*AIM OF THE EXERCISE*.
Your answer must be an exact copy of the listing that follows, with all pictures omitted.

*COLLECTED DATA*.
_ _ _ _ _
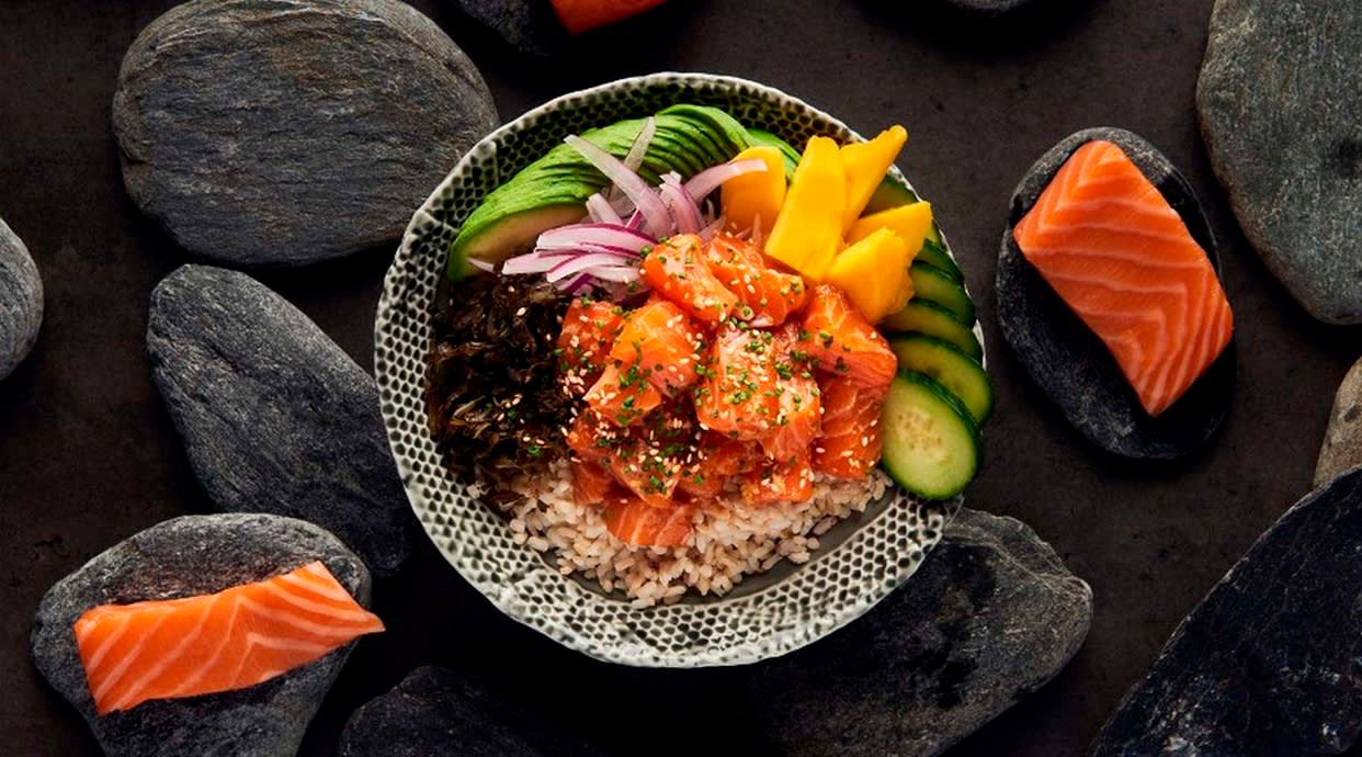 Base a tu elección, salmón, mango, cebolleta china, edamame, aguacate, queso crema y salsa de mango
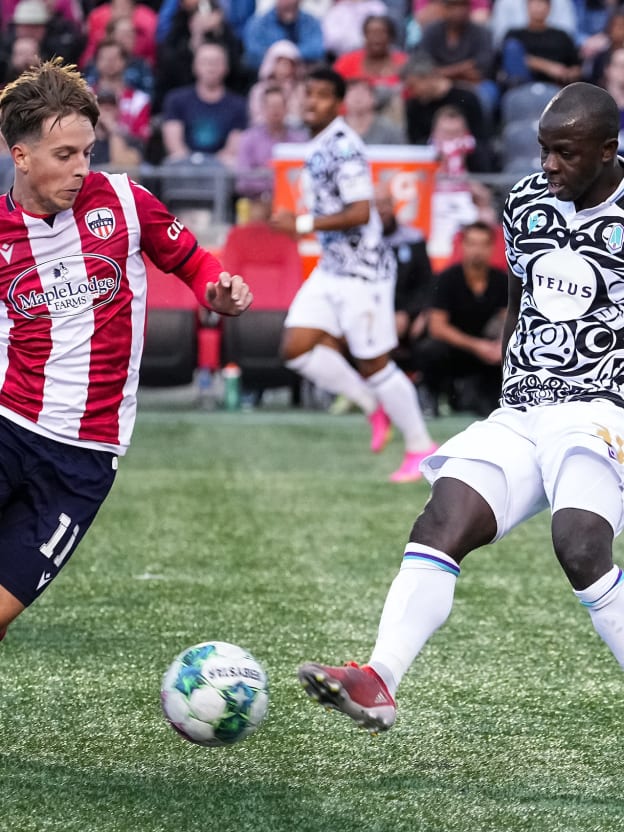 Atlético Ottawa and Pacific FC battled fiercely to a 1-1 draw at TD Place on Wednesday evening, as a first-half Steffen Yeates goal for Pacific was ultimately cancelled out by Maxim Tissot’s outstanding second-half free kick, as both sides took another small step forward in their bids to qualify for the playoffs. Looking to rebound from Friday’s frustrating draw at home, Pacific boss James Merriman opted to make just two changes to his team, bringing Kekuta Manneh into the attack and inserting Sean Young in midfield in place of the suspended Cédric Toussaint. The hosts Ottawa, meanwhile, made more significant changes, with both Samuel Salter and Malcolm Shaw returning up front while Noah Verhoeven slotted into midfield and Jean-Aniel Assi and Luke Singh joined the back five. As is often the case in matchups between these two sides, Pacific had a heavy possession advantage against an Atleti side forcing them to try and break down their block. It took Pacific a while, with not a lot of grade-A scoring opportunities presenting themselves in the first 20 minutes thanks to Ottawa’s well-organized defensive shape, but eventually the Tridents did find a way through. Just before the half-hour mark, Manneh slipped a dangerous ball from the right half-space to Yeates, who tapped it past Karl Ouimette and ran onto it himself, smashing a shot directly over the head of Ottawa ‘keeper Nathan Ingham and below the crossbar to make it 1-0 for the visitors. The match started to open up much more once Ottawa were trailing, and the final 15 minutes of the first half saw the hosts create four shots — two on target — with much more of the ball, as both sides began to play more direct and try to get the ball downfield quickly. Atleti did have a few good opportunities, including one that fell dangerously at the feet of Maxim Tissot, but they were nonetheless forced to go into halftime trailing. Seeking to address some gaps in midfield, Ottawa manager Carlos González made one change at the break, adding Ilias Iliadis in place of Verhoeven in the middle. The tide looked like it might be turning in the home side’s favour just over five minutes into the second frame, as some good early possession led to Tissot driving into the box and Kunle Dada-Luke making contact with him from behind. Referee Scott Bowman awarded the penalty, which Ollie Bassett stepped up to take, looking for his 12th goal of the season — but the attempt was saved by an excellent dive from Emil Gazdov, who also managed to corral the rebound and keep it 1-0. Chaos did ensue in the next few minutes as well, with Ottawa continuing to attack in search of their equalizer. They had one chance on the counter-attack that trickled toward the goal line, only for Sean Young to slide in and tap it away from goal. Moments later, an Atleti corner kick sailed over traffic and was also destined for the net, but Ayman Sellouf was on hand at the back post to head it away off the line and again deny Ottawa on the doorstep. Finally, 15 minutes into the second half, the hosts were rewarded for their efforts. They won a free kick about 25 yards out, and the left-footed Tissot stroked it perfectly over the wall and into the top right corner with emphasis to level the score at one apiece. Pacific manager James Merriman made four changes midway through the second half, two on either side of the Ottawa equalizer — he brought Georges Mukumbilwa and former Ottawa midfielder Zakaria Bahous on in the 64th minute, followed later by Djenairo Daniels and David Brazão to try and inject more life into his attack. Shortly after the latter changes, one of Pacific’s starters nearly put them back in front — Sellouf curled what looked like a perfectly-placed shot toward the top right corner, but Nathan Ingham stretched out and just got his fingertips on it to deflect it off the crossbar, making what could well go down as the best save of the season. Pacific were by far the aggressors in the last 10 minutes or so of the game, with Manneh in particular buzzing around Ottawa’s penalty area, but ultimately the hosts did very well to keep them out of the high-danger areas — and nearly scored with a counter-attack of their own with the game’s very last action — and the match wrapped up in a draw. With a point each, neither side gained much ground in the league table. Pacific moved back into sole possession of second place with a one-point edge over Forge, while Ottawa leapfrogged Halifax Wanderers back into fourth, level on 33 points but with one more win.
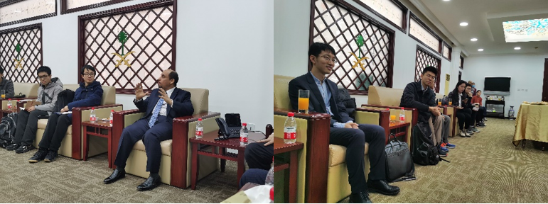 首先,艾勒马迪大使和师生代表团在使馆客厅内会谈。付志明老师首先代表师生感谢大使阁下的邀请,并表达了对中沙友谊的祝愿。随后,同学们就学习中遇到的困惑向大使踊跃提问。大使耐心地回答了同学们关于沙特2030愿景、石油问题、文化保护问题等热点话题的疑问,和大家展开互动。当提到中沙青年交流时,大使和在座的文化参赞热情洋溢地说起先前中沙青年交流的项目,并表示期待更密切的中沙青年交流。席间,大使用自己的个人经历和体会勉励同学们要不断思考、多问问题。王佩鸣、夏铁木还获得了大使赠书,两位同学表示将和大伙儿一起,在感兴趣的领域努力钻研、不断进步。
_ _ _ _ _
*ANSWER FOR THE TASK*.
 Base a tu elección, salmón, mango, cebolleta china, edamame, aguacate, queso crema y salsa de mango
 Atlético Ottawa and Pacific FC battled fiercely to a 1-1 draw at TD Place on Wednesday evening, as a first-half Steffen Yeates goal for Pacific was ultimately cancelled out by Maxim Tissot’s outstanding second-half free kick, as both sides took another small step forward in their bids to qualify for the playoffs. Looking to rebound from Friday’s frustrating draw at home, Pacific boss James Merriman opted to make just two changes to his team, bringing Kekuta Manneh into the attack and inserting Sean Young in midfield in place of the suspended Cédric Toussaint. The hosts Ottawa, meanwhile, made more significant changes, with both Samuel Salter and Malcolm Shaw returning up front while Noah Verhoeven slotted into midfield and Jean-Aniel Assi and Luke Singh joined the back five. As is often the case in matchups between these two sides, Pacific had a heavy possession advantage against an Atleti side forcing them to try and break down their block. It took Pacific a while, with not a lot of grade-A scoring opportunities presenting themselves in the first 20 minutes thanks to Ottawa’s well-organized defensive shape, but eventually the Tridents did find a way through. Just before the half-hour mark, Manneh slipped a dangerous ball from the right half-space to Yeates, who tapped it past Karl Ouimette and ran onto it himself, smashing a shot directly over the head of Ottawa ‘keeper Nathan Ingham and below the crossbar to make it 1-0 for the visitors. The match started to open up much more once Ottawa were trailing, and the final 15 minutes of the first half saw the hosts create four shots — two on target — with much more of the ball, as both sides began to play more direct and try to get the ball downfield quickly. Atleti did have a few good opportunities, including one that fell dangerously at the feet of Maxim Tissot, but they were nonetheless forced to go into halftime trailing. Seeking to address some gaps in midfield, Ottawa manager Carlos González made one change at the break, adding Ilias Iliadis in place of Verhoeven in the middle. The tide looked like it might be turning in the home side’s favour just over five minutes into the second frame, as some good early possession led to Tissot driving into the box and Kunle Dada-Luke making contact with him from behind. Referee Scott Bowman awarded the penalty, which Ollie Bassett stepped up to take, looking for his 12th goal of the season — but the attempt was saved by an excellent dive from Emil Gazdov, who also managed to corral the rebound and keep it 1-0. Chaos did ensue in the next few minutes as well, with Ottawa continuing to attack in search of their equalizer. They had one chance on the counter-attack that trickled toward the goal line, only for Sean Young to slide in and tap it away from goal. Moments later, an Atleti corner kick sailed over traffic and was also destined for the net, but Ayman Sellouf was on hand at the back post to head it away off the line and again deny Ottawa on the doorstep. Finally, 15 minutes into the second half, the hosts were rewarded for their efforts. They won a free kick about 25 yards out, and the left-footed Tissot stroked it perfectly over the wall and into the top right corner with emphasis to level the score at one apiece. Pacific manager James Merriman made four changes midway through the second half, two on either side of the Ottawa equalizer — he brought Georges Mukumbilwa and former Ottawa midfielder Zakaria Bahous on in the 64th minute, followed later by Djenairo Daniels and David Brazão to try and inject more life into his attack. Shortly after the latter changes, one of Pacific’s starters nearly put them back in front — Sellouf curled what looked like a perfectly-placed shot toward the top right corner, but Nathan Ingham stretched out and just got his fingertips on it to deflect it off the crossbar, making what could well go down as the best save of the season. Pacific were by far the aggressors in the last 10 minutes or so of the game, with Manneh in particular buzzing around Ottawa’s penalty area, but ultimately the hosts did very well to keep them out of the high-danger areas — and nearly scored with a counter-attack of their own with the game’s very last action — and the match wrapped up in a draw. With a point each, neither side gained much ground in the league table. Pacific moved back into sole possession of second place with a one-point edge over Forge, while Ottawa leapfrogged Halifax Wanderers back into fourth, level on 33 points but with one more win.
 首先,艾勒马迪大使和师生代表团在使馆客厅内会谈。付志明老师首先代表师生感谢大使阁下的邀请,并表达了对中沙友谊的祝愿。随后,同学们就学习中遇到的困惑向大使踊跃提问。大使耐心地回答了同学们关于沙特2030愿景、石油问题、文化保护问题等热点话题的疑问,和大家展开互动。当提到中沙青年交流时,大使和在座的文化参赞热情洋溢地说起先前中沙青年交流的项目,并表示期待更密切的中沙青年交流。席间,大使用自己的个人经历和体会勉励同学们要不断思考、多问问题。王佩鸣、夏铁木还获得了大使赠书,两位同学表示将和大伙儿一起,在感兴趣的领域努力钻研、不断进步。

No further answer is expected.